Material provided

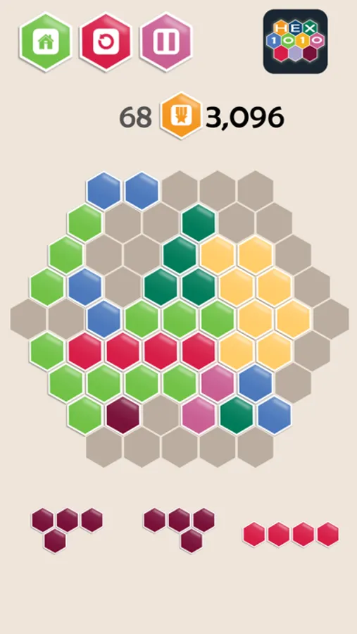 Hex 1010, a free puzzle game with simple rules.
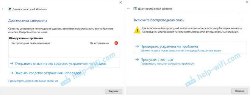 А при выполнении диагностики неполадок сети, Windows скорее всего сообщит о том, что беспроводная связь отключена и для ее включения нужно использовать переключатель на передней или боковой панели компьютера, или функциональные клавиши.
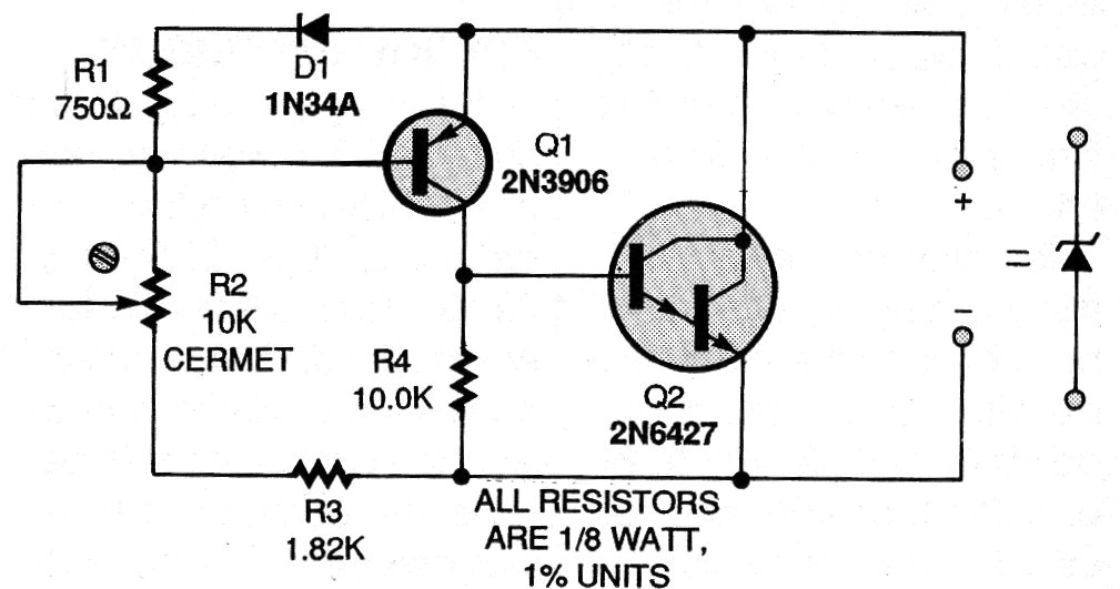 The presented circuit simulates a high power zener that depends on the characteristics of the Darlington used. This transistor can be any one of the TIP series. The adjustment of the simulated zener voltage is done in a trimpot. The power transistor must be equipped with a heat sink.

Exercise prompt
Reproduce, word for word, the lines from the one containing "А при выполнении" to the end of the material, both ends included. No picture is copied.

Exercise answer
 А при выполнении диагностики неполадок сети, Windows скорее всего сообщит о том, что беспроводная связь отключена и для ее включения нужно использовать переключатель на передней или боковой панели компьютера, или функциональные клавиши.
 The presented circuit simulates a high power zener that depends on the characteristics of the Darlington used. This transistor can be any one of the TIP series. The adjustment of the simulated zener voltage is done in a trimpot. The power transistor must be equipped with a heat sink.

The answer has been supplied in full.